西南日本産花崗岩類中,それぞれ起源を共通する2時期のものについて全岩および含有黒雲母の化学組成を検討した結果,次のとおりいちじるしい差異が見いだされた。
(1) 後期中生代-初期第三紀花崗岩類:岩石の固化指数 (ST) の減少に伴って全岩・黒雲母ともにFe/Mg比が増加し,しかもその値の差が小さい。含有磁鉄鉱量も小さく通常1.5%以下である。
(2) 古第三紀田万川深成岩類:全岩・黒雲母のFe/Mg比は岩石が斑糲岩から花崗閃緑岩に進化する過程では増加する。しかし,花崗閃緑岩から花崗岩への進化過程では黒雲母のFe/Mg比はいちじるしく減少し,全岩の同比と逆の傾向を示す。含有磁鉄鉱量はいちじるしく多く(通常1~4%,ときに以上),この磁鉄鉱は黒雲母を交代し,さらに間隙充?を示すものが普通的に存在する。

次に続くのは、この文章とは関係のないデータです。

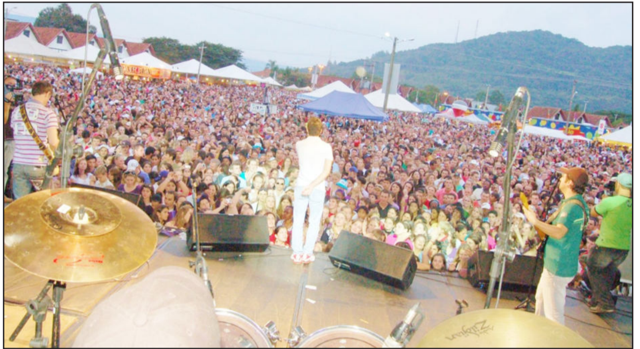
Show da Família em Teutônia no ano de 2009

Jota Quest, Zezé di Camargo e Luciano e Show da Família estão confirmados
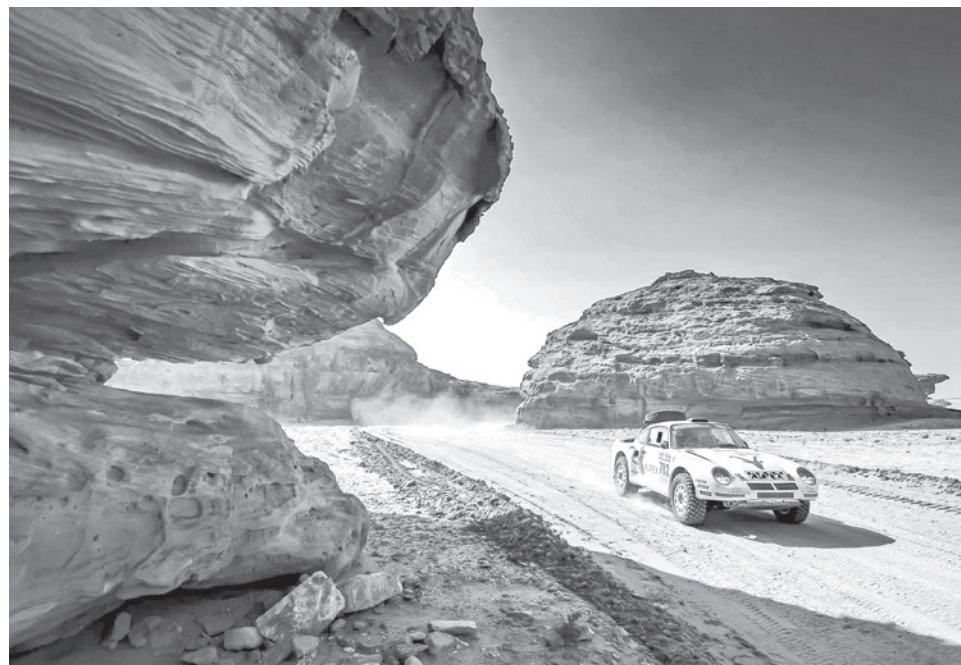
La competición del Rally Dakar 2026.

Lategan completó los 451 kilómetros de especial en 4 horas, 47 minutos y 08 segundos, tras partir en la 23ª posición, y aventajó al catari Nasser Al-Attiyah (Dacia) en más de siete minutos en la meta. A las puertas del podio siguen el veterano español Carlos Sainz y Mathieu Serradori.
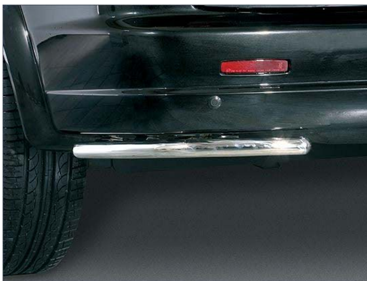
10T4034 Heckeckenschutzrohr Ø42mm, Edelstahl
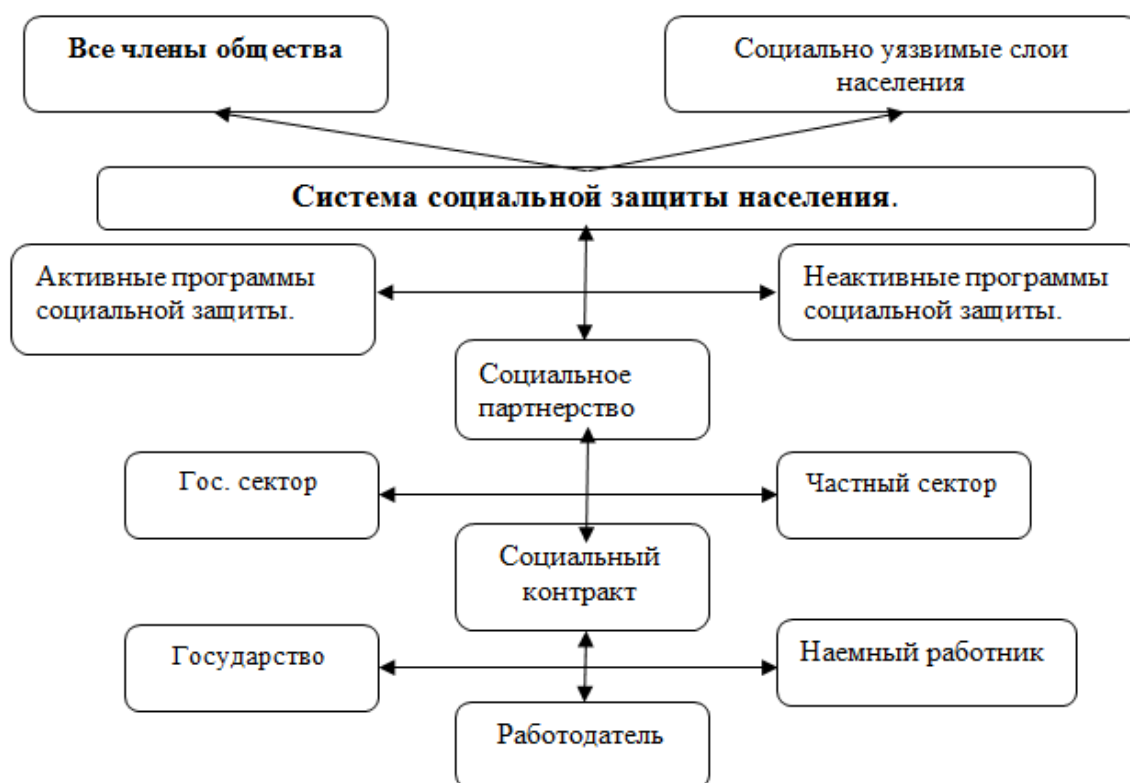
Рисунок 2. Механизм функционирования системы социальной защиты населения [2]

Социально уязвимые слои населения — это актуальная социально-экономическая и политическая проблема, присутствующая во всех странах.

以上の諸性状をもとにて考察した結果,(1) の花崗岩類は酸素分圧のやや減少する条件下で形成されたもので,(2) の深成岩類は酸素分圧がほとんど一定か,やや増加する条件下の性成と推定される。(2) のような深成岩類は一般に鍋状陥没地の深成岩類に特有で,酸素の少なくとも一部は大気中より何等かの経路を経て供給されたものであろう。このような深成岩類では黒雲母の分解に伴ってアルカリ長石の組成も急変し,いわゆる逆ラバキビ組織の形成をみる。したがって田万川深成岩類中の含有鉱物の反応系列(Fig. 17)は一般の花崗岩類におけるものと可成り異なっている。